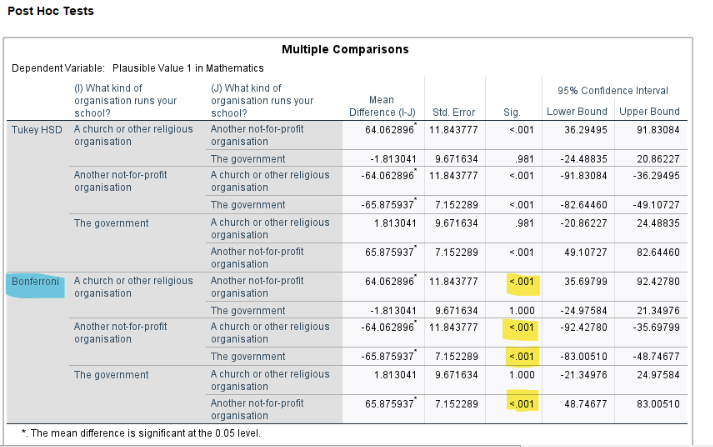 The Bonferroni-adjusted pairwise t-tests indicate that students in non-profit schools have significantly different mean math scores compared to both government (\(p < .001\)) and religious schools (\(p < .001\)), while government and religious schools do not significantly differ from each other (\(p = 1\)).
=-=-=
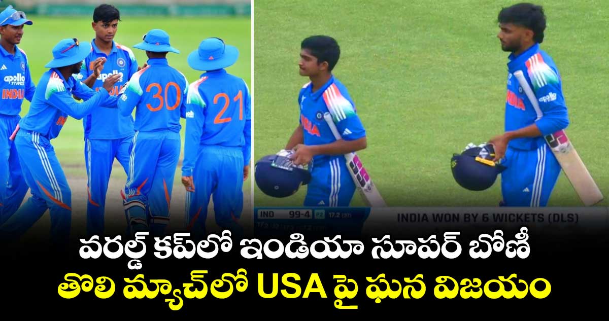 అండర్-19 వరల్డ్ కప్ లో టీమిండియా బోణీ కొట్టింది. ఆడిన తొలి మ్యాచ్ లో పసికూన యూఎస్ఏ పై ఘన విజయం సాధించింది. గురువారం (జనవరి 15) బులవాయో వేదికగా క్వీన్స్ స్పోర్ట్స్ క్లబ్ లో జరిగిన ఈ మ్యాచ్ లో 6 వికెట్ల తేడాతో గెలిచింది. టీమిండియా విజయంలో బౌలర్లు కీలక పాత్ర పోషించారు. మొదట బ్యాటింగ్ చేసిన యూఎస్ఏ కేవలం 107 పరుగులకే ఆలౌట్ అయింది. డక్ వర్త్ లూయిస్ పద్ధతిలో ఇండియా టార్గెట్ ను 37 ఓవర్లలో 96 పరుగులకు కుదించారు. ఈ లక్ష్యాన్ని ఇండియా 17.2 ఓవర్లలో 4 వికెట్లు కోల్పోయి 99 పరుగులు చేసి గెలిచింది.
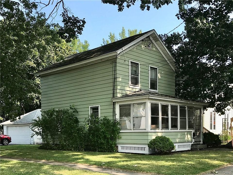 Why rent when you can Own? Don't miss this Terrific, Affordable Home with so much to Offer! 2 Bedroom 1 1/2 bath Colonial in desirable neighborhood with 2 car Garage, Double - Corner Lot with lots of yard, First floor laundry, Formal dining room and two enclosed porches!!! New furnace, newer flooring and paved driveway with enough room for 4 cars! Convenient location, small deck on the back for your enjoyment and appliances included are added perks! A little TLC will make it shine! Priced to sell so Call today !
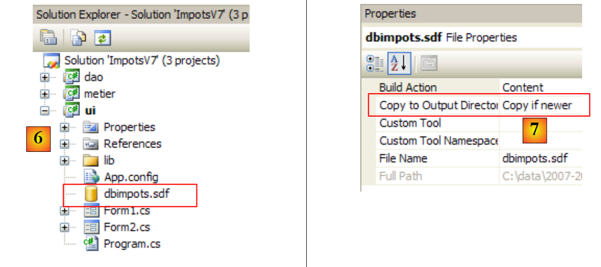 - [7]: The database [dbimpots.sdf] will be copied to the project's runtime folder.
=-=-=
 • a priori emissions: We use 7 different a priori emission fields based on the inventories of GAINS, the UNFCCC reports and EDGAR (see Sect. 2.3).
=-=-=
◆ WHAT IS BEING ASKED:
Once the line with "Why rent when" has been found above, output that line and every later line exactly, stopping after the line with "- [7]: The database", and omit the pictures.

◆ RESULT FOR THIS EXERCISE:
 Why rent when you can Own? Don't miss this Terrific, Affordable Home with so much to Offer! 2 Bedroom 1 1/2 bath Colonial in desirable neighborhood with 2 car Garage, Double - Corner Lot with lots of yard, First floor laundry, Formal dining room and two enclosed porches!!! New furnace, newer flooring and paved driveway with enough room for 4 cars! Convenient location, small deck on the back for your enjoyment and appliances included are added perks! A little TLC will make it shine! Priced to sell so Call today !
 - [7]: The database [dbimpots.sdf] will be copied to the project's runtime folder.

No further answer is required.